Re: Trying to understand HBase/ZooKeeper Logs

Posted by Jean-Daniel Cryans <jd...@apache.org>.

Michael,

Grep your master log for "Received report from unknown server" and if
you do find it, it means that you have DNS flapping. This may explain
why you see a "new instance" which in this case would be the master
registering the region server a second or third time. This patch in
this jira fixes this issue
https://issues.apache.org/jira/browse/HBASE-2174

J-D

On Wed, Mar 3, 2010 at 9:28 AM, Michael Segel <mi...@hotmail.com> wrote:
>
>
>
>> Date: Wed, 3 Mar 2010 09:17:06 -0800
>> From: phunt@apache.org
>> To: hbase-user@hadoop.apache.org
>> Subject: Re: Trying to understand HBase/ZooKeeper Logs
> [SNIP]
>> There are a few issues involved with the ping time:
>>
>> 1) the network (obv :-) )
>> 2) the zk server - if the server is highly loaded the pings may take
>> longer. The heartbeat is also a "health check" that the client is doing
>> against the server (as much as it is a "health check" for the server
>> that the client is still live). The HB is routed "all the way" through
>> the ZK server, ie through the processing pipeline. So if the server were
>> stalled it would not respond immediately (vs say reading the HB at the
>> thread that reads data from the client). You can see the min/max/avg
>> request latencies on the zk server by using the "stat" 4letter word. See
>> the ZK admin docs on this http://bit.ly/dglVld
>> 3) the zk client - clients can only process HB responses if they are
>> running. Say the JVM GC runs in blocking mode, this will block all
>> client threads (incl the zk client thread) and the HB response will sit
>> until the GC is finished. This is why HBase RSs typically use very very
>> large (from our, zk, perspective) session timeouts.
>>
>> 50ms is not long btw. I believe that RS are using >> 30sec timeouts.
>>
>> I can't shed directly light on this (ie what's the problem in hbase that
>> could cause your issue). I'll let jd/stack comment on that.
>>
>> Patrick
>>
>
> Thanks for the quick response.
>
> I'm trying to track down the issue of why we're getting a lot of 'partial' failures. Unfortunately this is currently a lot like watching a pot boil. :-(
>
> What I am calling a 'partial failure' is that the region servers are spawning second or even third instances where only the last one appears to be live.
>
> From what I can tell is that there's a spike of network activity that causes one of the processes to think that there is something wrong and spawn a new instance.
>
> Is this a good description?
>
> Because some of the failures occur late at night with no load on the system, I suspect that we have issues with the network but I can't definitively say.
>
> Which process is the most sensitive to network latency issues?
>
> Sorry, still relatively new to HBase and I'm trying to track down a nasty issue that cause Hbase to fail on an almost regular basis. I think its a networking issue, but I can't be sure.
>
> Thx
>
> -Mike
>
>
>
>
>
> _________________________________________________________________
> Hotmail: Powerful Free email with security by Microsoft.
> http://clk.atdmt.com/GBL/go/201469230/direct/01/

Re: Trying to understand HBase/ZooKeeper Logs

Posted by Chad Metcalf <ch...@cloudera.com>.

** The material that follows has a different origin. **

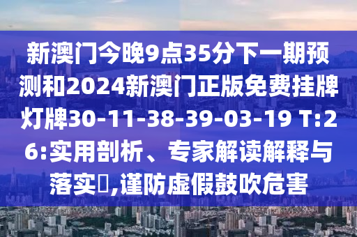新澳門(mén)今晚9點(diǎn)35分下一期預(yù)測(cè)和2024新澳門(mén)正版免費(fèi)掛牌燈牌30-11-38-39-03-19 T:26:實(shí)用剖析、專(zhuān)家解讀解釋與落實(shí)?,謹(jǐn)防虛假鼓吹危害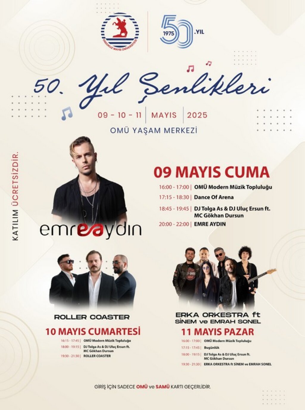 Kapanış konserinde ise “Erka Orkestra ft. Sinem ve Emrah Sonel”, OMÜ’nün 50. yılını müzikle taçlandıracak.

The src rpms we package are always available. In this case its in the same
repo.

http://archive.cloudera.com/redhat/cdh/contrib/hbase-0.20-0.20.3-1.cloudera.src.rpm

<http://archive.cloudera.com/redhat/cdh/contrib/hbase-0.20-0.20.3-1.cloudera.src.rpm>
Cheers
Chad

On Wed, Mar 3, 2010 at 3:19 PM, Andrew Purtell <ap...@apache.org> wrote:

> I built the HBase RPMs for Cloudera. Just for future reference if someone
> needs patched
> versions of those RPMs, it's easy enough for me to spin them for you. Just
> drop me a
> note.
>
> And/or you may want to send a note to Cloudera explaining your needs.
>
> I put together a version of Cloudera-ized HBase with HBASE-2174 and
> HBASE-2180 applied
> and put it here:
>
>    https://hbase.s3.amazonaws.com/cdh/hbase-0.20-0.20.3-2.cloudera.src.rpm
>
> Seems like a generally useful thing. To use:
>
>   % rpm -Uvh hbase-0.20-0.20.3-2.cloudera.src.rpm
>   % cd /usr/src/redhat/SPECS
>   % rpmbuild -bb --target noarch hbase.spec
>
> and install or update using the resulting HBase binary RPMs in
> /usr/src/redhat/RPMS/noarch.
>
>   - Andy
>
>
>
> ----- Original Message ----
> > From: Michael Segel <mi...@hotmail.com>
> > To: hbase-user@hadoop.apache.org
> > Sent: Thu, March 4, 2010 3:08:49 AM
> > Subject: RE: Trying to understand HBase/ZooKeeper Logs
> >
> >
> > Thanks.
> >
> > Cloudera's release doesn't ship with the source code, but luckily we have
> the
> > source when we wanted to test 20.3 code.
> >
> > Thanks again!
>
>
>
>
>